Examples of Multilingual Service Calls

Python

import base64
from openai import OpenAI

API_BASE_URL = "http://0.0.0.0:8080"

# Initialize OpenAI client
client = OpenAI(
    api_key='xxxxxxxxx',
    base_url=f'{API_BASE_URL}'
)

# Function to convert image to base64
def encode_image(image_path):
  with open(image_path, "rb") as image_file:
    return base64.b64encode(image_file.read()).decode('utf-8')

# Input image path
image_path = "medal_table.png"

# Convert the original image to base64
base64_image = encode_image(image_path)

# Submit information to the PP-DocBee model
response = client.chat.completions.create(
    model="pp-docbee", # Select model
    messages=[
        {
            "role": "system",
            "content": "You are a helpful assistant."
        },
        {
            "role": "user",
            "content":[
                {
                    "type": "text",
                    "text": "Recognize the content of this table and output the content in HTML format."
                },
                {
                    "type": "image_url",
                    "image_url": {"url": f"data:image/jpeg;base64,{base64_image}"}
                },
            ]
        },
    ],
)
content = response.choices[0].message.content
print('Reply:', content)

📱 Edge Deployment: Edge deployment is a way of placing computing and data processing functions on the user device itself, allowing the device to process data directly without relying on remote servers.
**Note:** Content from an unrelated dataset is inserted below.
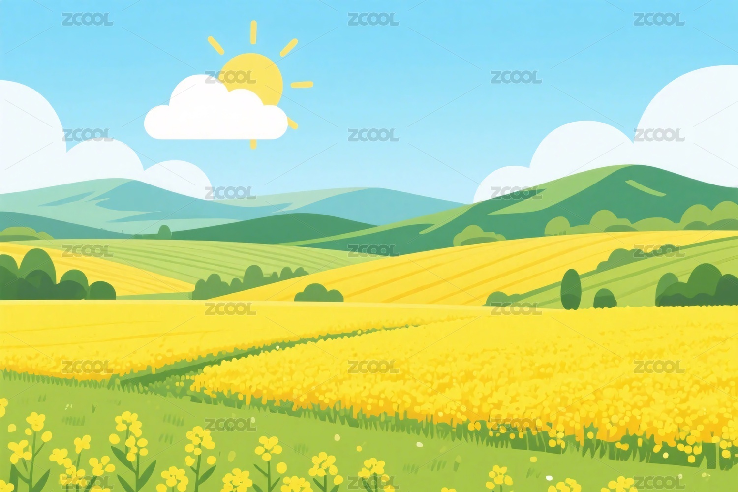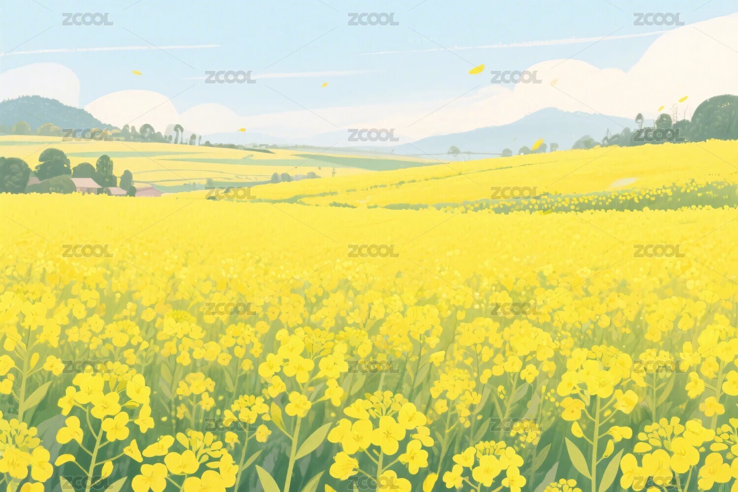 油菜花田风景插画

PaddleX supports deploying models on edge devices such as Android. For detailed edge deployment processes, please refer to the PaddleX Edge Deployment Guide. You can choose the appropriate deployment method for your needs and proceed with subsequent AI application integration.

4. Secondary Development¶

Currently, this pipeline does not support fine-tuning training and only supports inference integration. Future support for fine-tuning training is planned.

5. Multi-Hardware Support¶

Currently, this pipeline only supports GPU and CPU inference. Future support for more hardware adaptations is planned.